OTTAWA – At a time when global markets are increasingly shaped by instability and geopolitical tension, gold has re-emerged as a symbol of a secure investment. However, new evidence suggests that this sense of security may be deeply misleading. A new Greenpeace Brazil report published today, Gold Laundering in the Amazon: Anatomy of a Fraud, reveals how loopholes in Brazil’s mining system allow illegally mined gold, including gold extracted from Indigenous Territories and Conservation Units, to enter formal markets disguised as legal production.

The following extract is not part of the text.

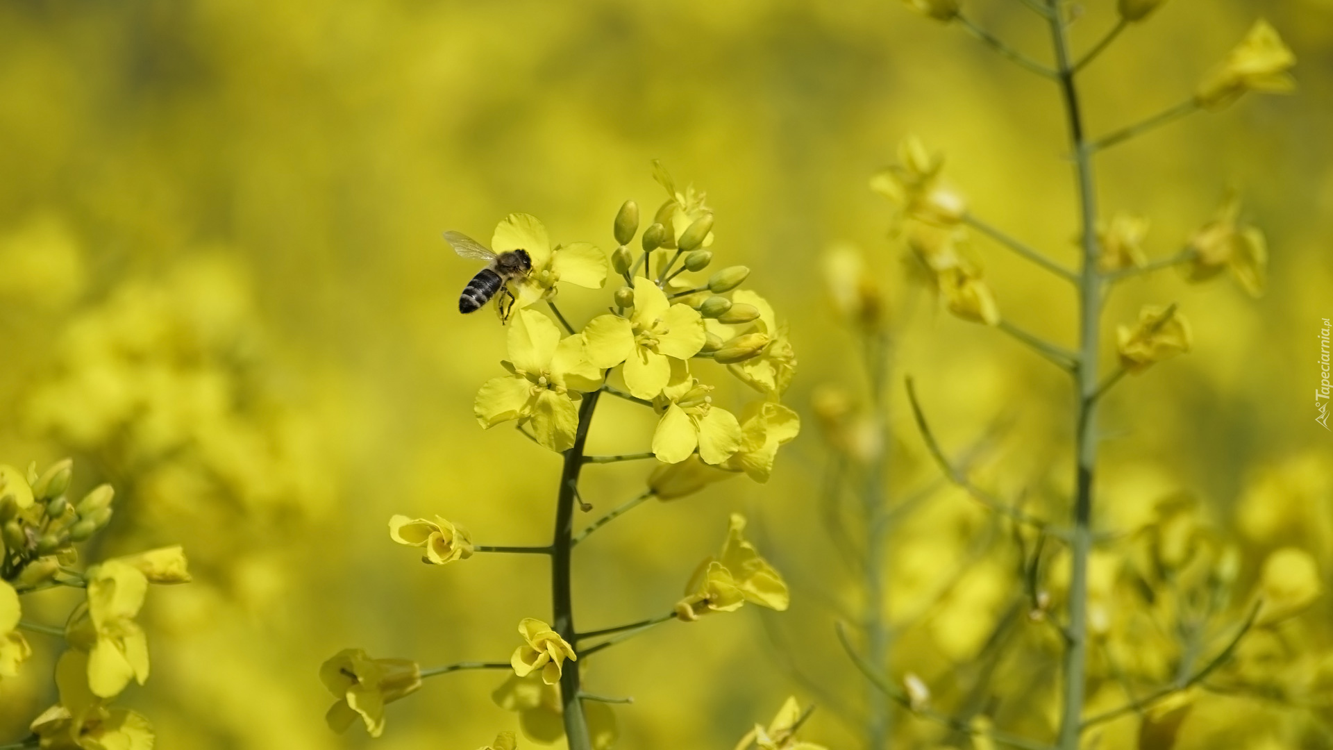 Edytor tapety: Pszczoła na kwiatach rzepaku
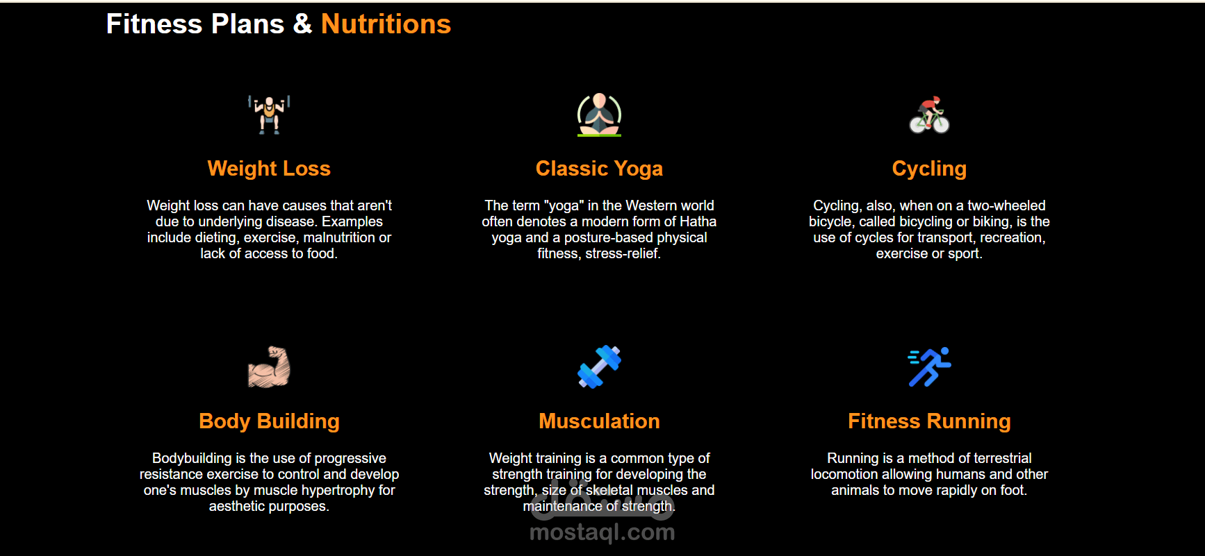 الصفحة ستكون بتصميم عصري ومنسق، وتحتوي على الأقسام التالية:

Through major trading, refining and consumer hubs, this gold ends up at destinations such as Canada, where it follows a path of becoming embedded in global supply chains. Once this gold is absorbed by the market, it becomes extremely difficult to trace. In 2024, 61.567 tonnes of gold worth more than US$3.9 billion were exported from Brazil to markets across the world. Of the nearly 61.567 tonnes exported from Brazil, 29.4 tonnes worth nearly US$1.83 billion were exported to Canada, making Canada the top export destination of Brazilian gold.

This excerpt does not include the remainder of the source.